>>>
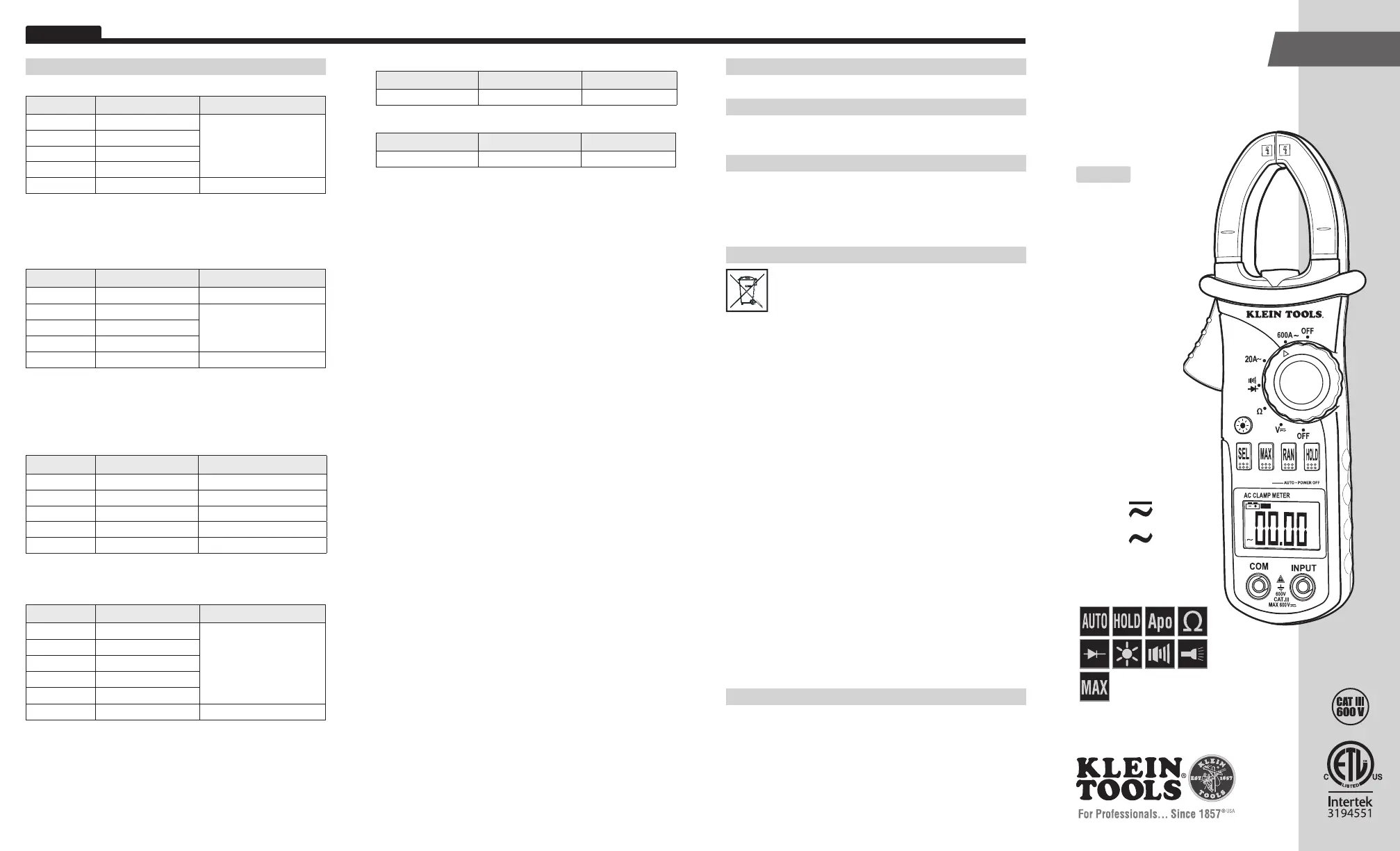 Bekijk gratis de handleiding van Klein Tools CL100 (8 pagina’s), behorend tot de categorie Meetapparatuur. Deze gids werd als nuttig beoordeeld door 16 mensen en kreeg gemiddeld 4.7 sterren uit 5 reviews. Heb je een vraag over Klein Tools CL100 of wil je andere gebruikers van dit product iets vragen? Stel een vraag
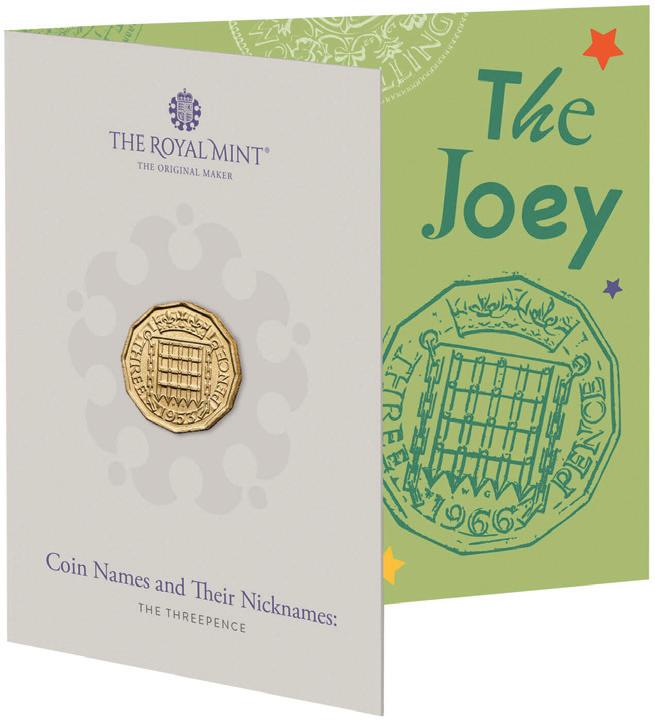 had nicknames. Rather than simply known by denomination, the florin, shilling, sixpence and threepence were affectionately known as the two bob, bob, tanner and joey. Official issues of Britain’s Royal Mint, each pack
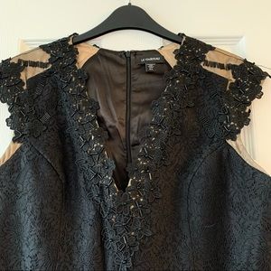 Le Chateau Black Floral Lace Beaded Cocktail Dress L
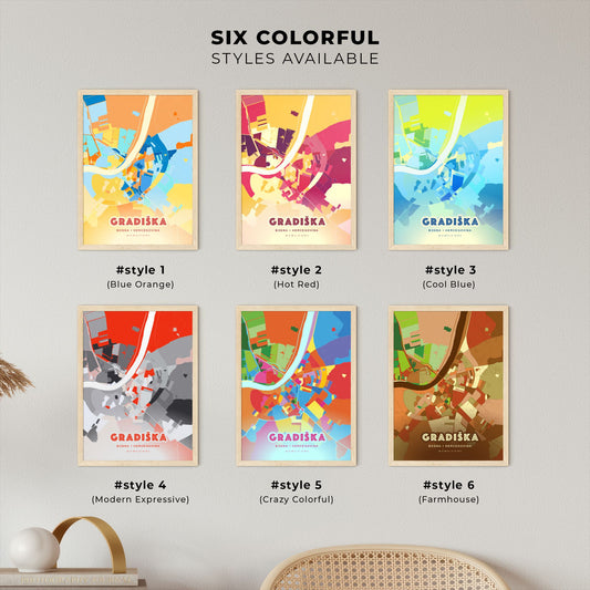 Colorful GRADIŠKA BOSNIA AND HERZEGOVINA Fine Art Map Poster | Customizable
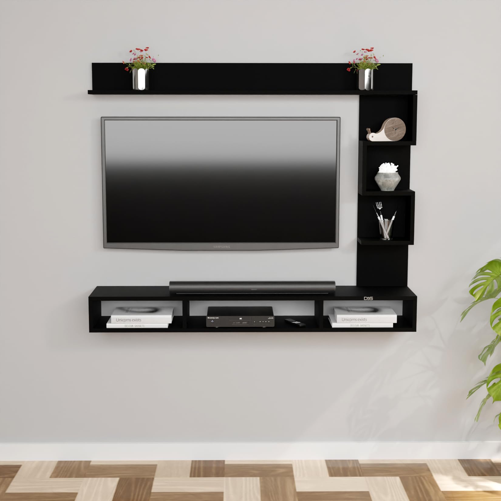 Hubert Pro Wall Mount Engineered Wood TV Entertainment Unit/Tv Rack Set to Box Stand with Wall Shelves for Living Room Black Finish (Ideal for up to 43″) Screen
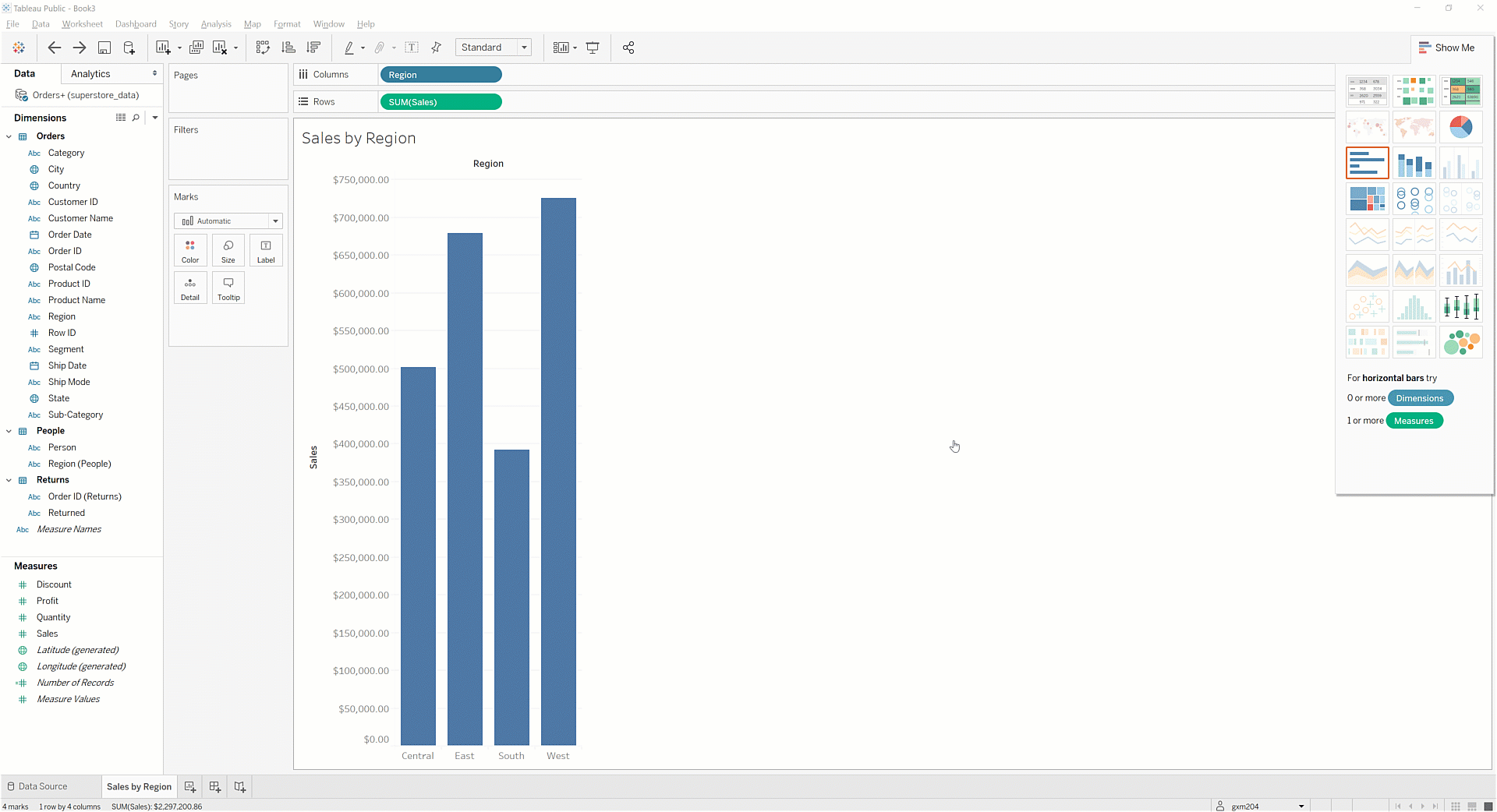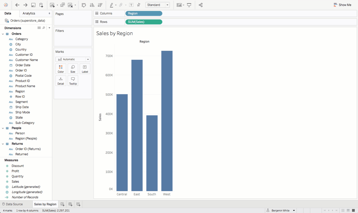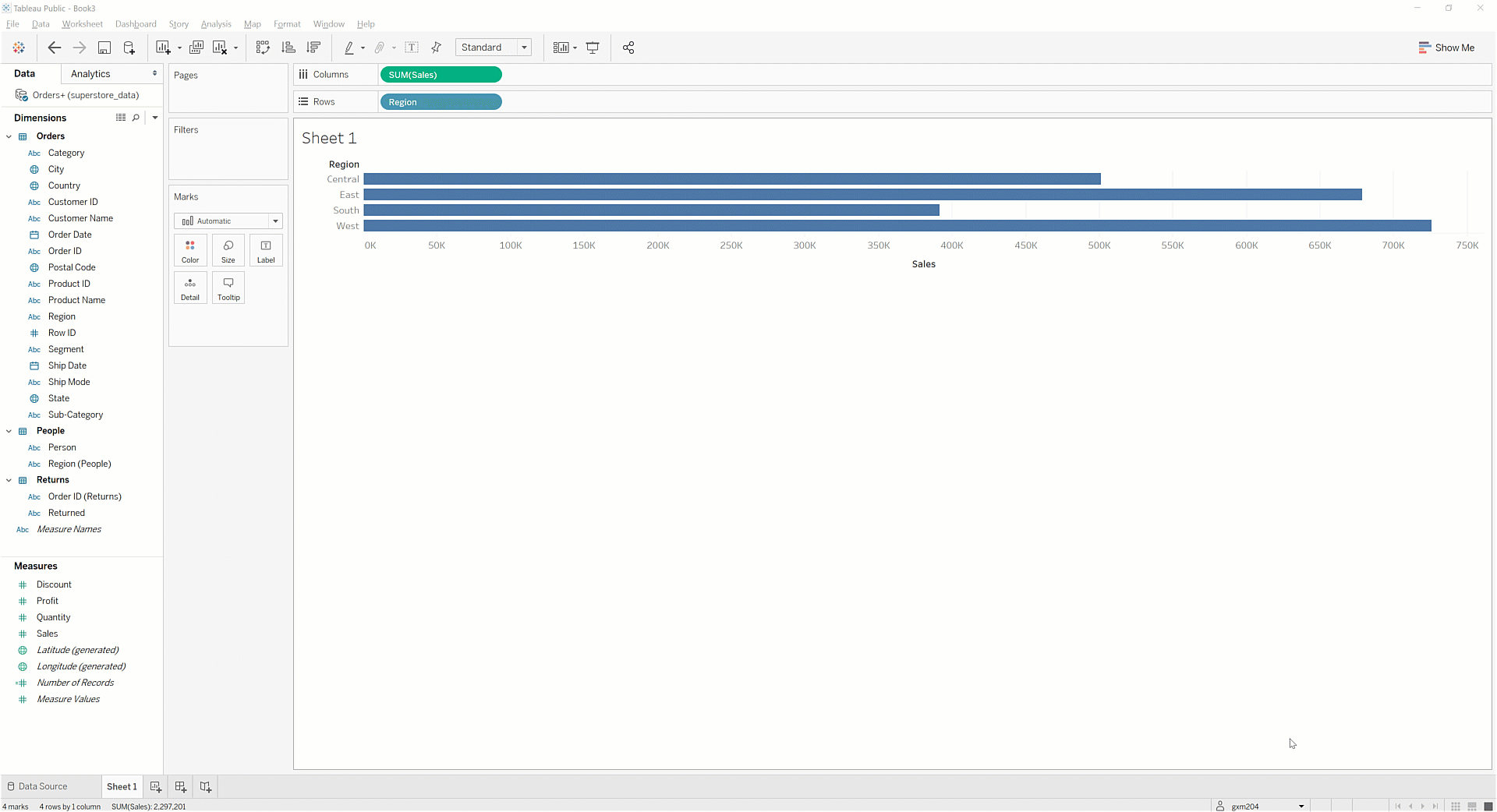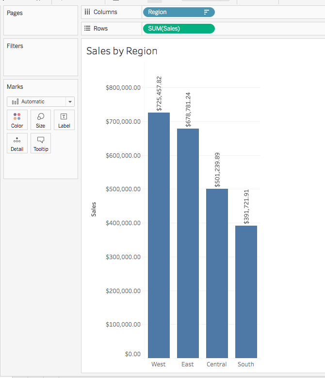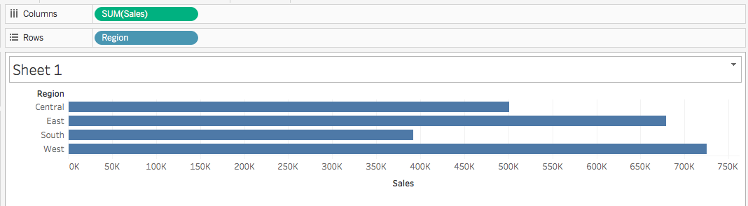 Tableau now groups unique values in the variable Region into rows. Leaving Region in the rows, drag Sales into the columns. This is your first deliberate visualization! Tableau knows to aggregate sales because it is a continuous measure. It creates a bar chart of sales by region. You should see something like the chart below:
<<<
:: Your assignment ::
Return every entry above exactly as written, minus the pictures.

:: Worked solution ::
 Bekijk gratis de handleiding van Klein Tools CL100 (8 pagina’s), behorend tot de categorie Meetapparatuur. Deze gids werd als nuttig beoordeeld door 16 mensen en kreeg gemiddeld 4.7 sterren uit 5 reviews. Heb je een vraag over Klein Tools CL100 of wil je andere gebruikers van dit product iets vragen? Stel een vraag
 had nicknames. Rather than simply known by denomination, the florin, shilling, sixpence and threepence were affectionately known as the two bob, bob, tanner and joey. Official issues of Britain’s Royal Mint, each pack
 Le Chateau Black Floral Lace Beaded Cocktail Dress L
 Colorful GRADIŠKA BOSNIA AND HERZEGOVINA Fine Art Map Poster | Customizable
 Hubert Pro Wall Mount Engineered Wood TV Entertainment Unit/Tv Rack Set to Box Stand with Wall Shelves for Living Room Black Finish (Ideal for up to 43″) Screen
 Tableau now groups unique values in the variable Region into rows. Leaving Region in the rows, drag Sales into the columns. This is your first deliberate visualization! Tableau knows to aggregate sales because it is a continuous measure. It creates a bar chart of sales by region. You should see something like the chart below:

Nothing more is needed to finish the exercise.